Nel nostro paese i dati forniti dagli operatori del settore del gioco online, confermano un trend che premia i cosiddetti casinò virtuali. Grazie a una spesa che supera i 40 milioni di euro a gennaio-febbraio 2016 si registra un aumento superiore al 35% rispetto ai dati 2015. Si tratta di dati che sono coerenti con le campagne mediatiche che i principali siti di gioco digitale conducono da diversi mesi, ormai. Gli italiani sopratutto delle fasce di età inferiori ai 45 anni dedicano una parte del loro tempo libero ad attività di gioco che includono casinò online, scommesse sportive, e tutto quello che interessa il gioco digitale, mentre le lotterie istantanee e i gratta sono i giochi preferiti per la popolazione over 55.

Si tratta di un settore che potenzialmente si giova della crisi, visto che non risponde a regole economiche e finanziarie standard. Così, mentre in un primo momento, parliamo del trend di 8-9 anni fa, c’era stata una certa diffidenza e riluttanza verso il gioco d’azzardo online, oggi grazie anche a strumenti come Paypal o carte prepagate di ogni sorta, come la postepay, rendono più semplice avere un conto online, tutto diviene veloce, semplice e automatico. Del resto gli store di Google Apple e Amazon, hanno contribuito a rendere più normale fare transazioni monetaria attraverso internet. Il problema principale riguardava infatti la sicurezza e la trasparenza. Ed ecco che qui entrava in gioco l’ente AAMS a controllo e verifica che i casinò online operassero in trasparenza e in correttezza. In questi ultimi anni il Gioco in Italia è diventato sempre più mobile.

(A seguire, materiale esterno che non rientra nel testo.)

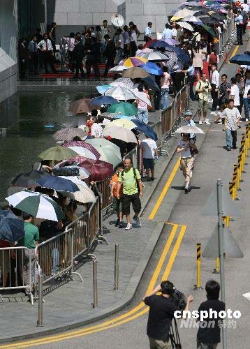 數(shù)千香港市民排隊(duì)領(lǐng)取奧運(yùn)紀(jì)念鈔票購物憑證(2)
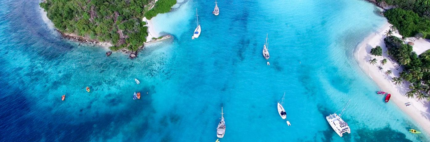 Small yachts anchored on turquoise blue water in Tobago Cays

Andiamo ad approfondire qualche dato: i canali mobile: smartphone e tablet hanno consolidato il loro ruolo già durante il 2014, generando assieme circa il 14% della spesa complessiva. Il gioco sui nuovi device – praticato soprattutto con le scommesse sportive, e nei giochi da Casinò Games – si addice a intercettare il consumatore nei momenti morti o durante lo svolgersi di una manifestazione sportiva e si sta rivelando, per quegli operatori che ne hanno fatto un utilizzo strategico, un canale dalle ottime performance. Sono diffuse anche le scommesse sui giochi di abilità (35%), e le lotterie tradizionali (25%). Il 15% ha dichiarato di utilizzare internet per i giochi online, mentre il 12% frequenta i locali dove ci sono le slot machine. E’ anche emerso che circa il 70% pratica due o più attività di gioco d’azzardo per provare le slot online di William Hill e trovare un’ampia scelta di giochi che vanno dal blackjack alle slot, passando per le roulette. Il 2016 in termini statistici, per gli italiani ci sta anche dimostrando che forse il momento del poker e della sua variante del texas hold’em sta tramontando, come fenomeno di costume, nel nostro Paese. Almeno stando ai dati che vedono questo tipo di gioco in netto calo rispetto agli anni passati.